Alpha levels

Alpha (α) is the threshold below which a p-value is considered surprising enough to reject the null hypothesis. It’s the false-positive rate you’ve agreed to accept. Set alpha to 0.05 and you’re saying “I’m willing to be wrong 5% of the time when there’s actually no effect”.

If you ran 100 A/B tests where there was actually no effect, around 5 of them would still come back significant by chance at α = 0.05. That’s the price of using a threshold at all. You can lower alpha to be more conservative (0.01, 0.001) but you’ll need more sample size to detect real effects, because you’re demanding stronger evidence.

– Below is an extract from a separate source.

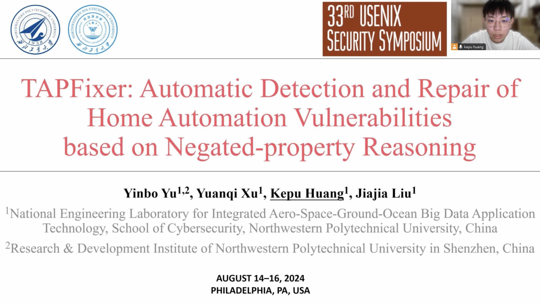 第33届国际网络安全顶会USENIX Security于2024年8月14日-16日在美国宾夕法尼亚州的费城召开。William威廉英国官网于银菠副教授研究成果“TAPFixer: Automatic Detection and Repair of Home Automation Vulnerabilities based on Negated-property Reasoning”全文被USENIX Security大会正式发表,2023级硕士研究生黄柯蒲作大会报告。该论文是于银菠副教授专注于网络与软件安全领域研究所取得的重要成果之一,也是williamhill威廉官网第一篇作为第一完成单位的四大安全顶会文章。论文第一作者为于银菠副教授,2021级硕士研究生徐源琪和2023级硕士研究生黄柯蒲分别为员工第一作者和第二作者,刘家佳教授参与论文指导。

0.05 is an arbitrary number (picked in the 1920s). For a low-stakes test, it’s fine. For a checkout redesign that’s expensive to ship and risky to roll back, 0.01 might be safer. For an exploratory test where you’d rather miss real wins than chase false ones, you might even relax to 0.1. Alpha is a business decision not a statistical one.

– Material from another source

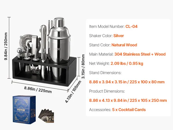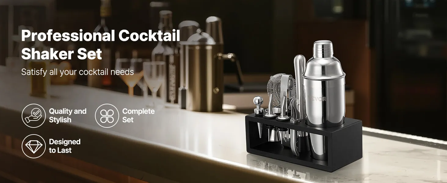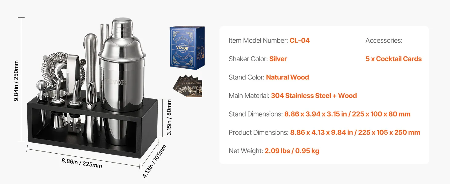 VEVOR Cocktail Shaker Set, 13-Piece Stainless Steel Bar Tools with Bamboo Stand, Martini Bartender Kit Accessories | Mixer Spoon, Muddler, Jigger, Strainer, Liquor Pourers, Ice Tong, Corkscrew, Silver VEVOR Cocktail Shaker Set, 13-Piece Stainless Steel Bar Tools with Bamboo Stand, Martini Bartender Kit Accessories | Mixer Spoon, Muddler, Jigger, Strainer, Liquor Pourers, Ice Tong, Corkscrew, Silver
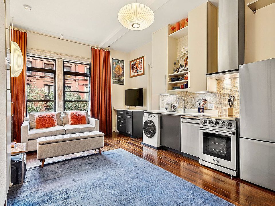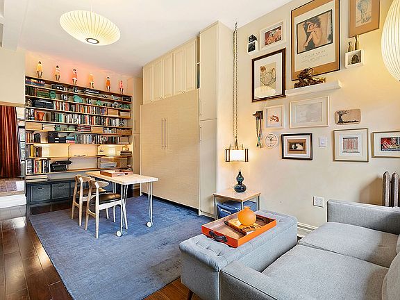 LOW MAINTENANCE LOTTO! NEWLY RENOVATED! MOVE IN READY! This stunning, gut-renovated studio in a historic 1903 flatiron building on West 69th Street offers a rare blend of light, luxury, and smart design. Renovated in 2022 with all-new electrical and plumbing systems, the unit features nearly 11-foot ceilings, custom cabinetry throughout, and a full-height walk-in closet with Elfa drawers for exceptional storage. The windowed bathroom, with 9ft. pocket door is outfitted with a deep-soak tub, Walker-Zanger tile, Caesarstone shelving, and high-end fixtures including a Moen bidet and dual medicine cabinets. Unique touches like a vessel sink atop an antique sewing machine base and a vintage Bakelite mirror add character, while a frosted glass pocket door enhances privacy.

One-tailed vs two-tailed alpha

If you run a one-tailed test at α = 0.05, you’ve effectively concentrated all your “false positive budget” on one direction - you’re only checking for an effect in the direction you predicted. A two-tailed test at 0.05 splits 2.5% to each side, so a sufficiently extreme result in either direction crosses the threshold. Most tools default to two-tailed, which is the safer call (see hypothesis formulation for why).